Subject: RE: Assume-guarantee support
From: Armoni, Roy (roy.armoni@intel.com)
Date: Mon Jul 16 2001 - 12:38:21 PDT
Hi Hillel,
What you describe below is a very general question.
In FTL, there is no need to convert the assertions of B, C, D into
assumptions. Exactly
the same properties can be used. And no, we do not necessarily need a
complete
environment for A - we need only the assumptions on which the property at
hand is
dependent. As for the assumptions on B, C and D, in most cases we will not
need them
if the correct properties were written (and proven) on B, C, D.
Roy
-----Original Message-----
From: hillel miller [mailto:hillelm@msil.sps.mot.com]

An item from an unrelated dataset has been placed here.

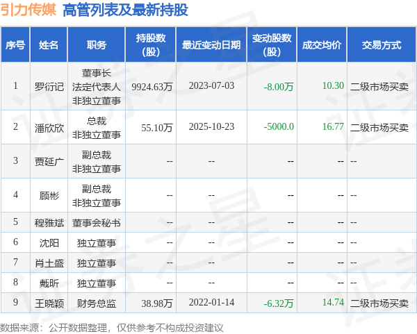 引力传媒近半年内的董监高及核心技术人员增减持详情如下:

Sent: Monday, July 16, 2001 8:42 PM
To: Armoni, Roy
Cc: Hillel Miller (r53776); vfv@eda.org
Subject: Re: Assume-guarantee support
Roy,
What I am trying to understand is the Forspec methodology as far as
assume/guarantee is concerned.
How are asserts reused as assumes within this methodology ?
For example, we could have one block 'A' with 3 neighbouring blocks (B,
C and D) for which asserts have been written. A is driven by B, C, D.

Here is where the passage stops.